下村との面会3
「深詠子と一緒になるまではバリケードみたいに、磨美さんには毛嫌いされました。それが結婚するとえらくハメを外されて、藤波さんの事は妻より良く喋ってくれて、後で聞くと最近まで余り会ったことがないと高嶋さんから聞かされて吃驚しました」
「ぼくも話はよく聞かされたが、亡くなる前は一度ぐらいしか磨美さんには会ってないのに、僕の事を良く知っていて、下村さん同様に驚かされました」
そこで磨美さんから藤波を深詠子はどれほど愛していたか聞かされた。下村の根底には深詠子と磨美から聞かされて、どうやら藤波と謂う男の人格が形成され、影のように脳裏の奥深いところに蓄積された。しかも藤波のお陰で深詠子との幸福が成り立っている実感を常に噛み締めて、仕事が益々順調に続いた。益々拡大した事業が失敗すると妻に延々と諭された。これが全ての根底を覆すようにあの事件に下村は突き進んだ。その細かい過程が此の裁判の焦点だと、高嶋が下村との面会で追求するが直前で躱された。
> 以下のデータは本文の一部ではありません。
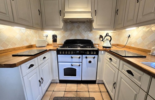 The fully centrally heated cottage comprises of a country style kitchen with range cooker, combination microwave, fridge and washing machine. The separate dining room with multi fuel burner, has a pitch pine dining table and chairs for 4 people plus a 2 seater Chesterfield settee. Tucked away in the pantry is a large fridge freezer. The separate lounge has a further fireplace with stove effect gas fire, a sumptuous 4 seater leather Chesterfield settee, an armchair plus a large coffee table, Smart TV and DVD player. The master bedroom has a King size bed, 2 chests of drawers and a large double wardrobe. The second bedroom has 2 single beds, 2 bedside cabinets with drawers, a chest of drawers plus a built in cupboard. There is a further chest of drawers on the landing for additional storage. The 2 bedrooms share the stunning vintage style bathroom which has a rolltop bath and separate shower cubicle, The French style cabinet and crystal chandeliers add to the charm of this lovely room.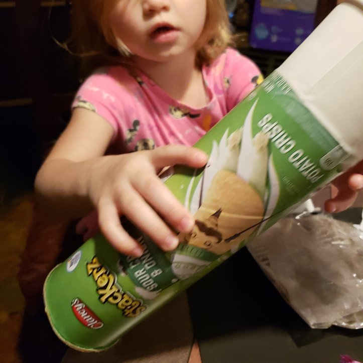 To make spyglasses, I started by cutting the metal end off the chip cans.

「それで、どうしてもその点について詳しく言ってもらえれば、遺された人たちも何処かで心穏やかに過ごせるでしょう」
もう直ぐお盆になる。快く彼女を見送りたい。
「高嶋さんの話だと、丹後の実家には美澄と孝史の遺骨を持って行き、深詠子はあなたのところにあるんですね」
「ええ、お兄さんも実家のご両親も納得されて、わたしの家で供養しています」
申し訳ないと下村は深々と頭を下げた。
下村にはそんな話より、存在した深詠子の過去に生きていた。これからも想い出を大事にしたいが、この手で殺った苦しみから逃れ、対等に想い出に浸るには、あの世の深詠子に先ずは許しを請う。そのために藤波に告白して気持ちの整理をしたいようだ。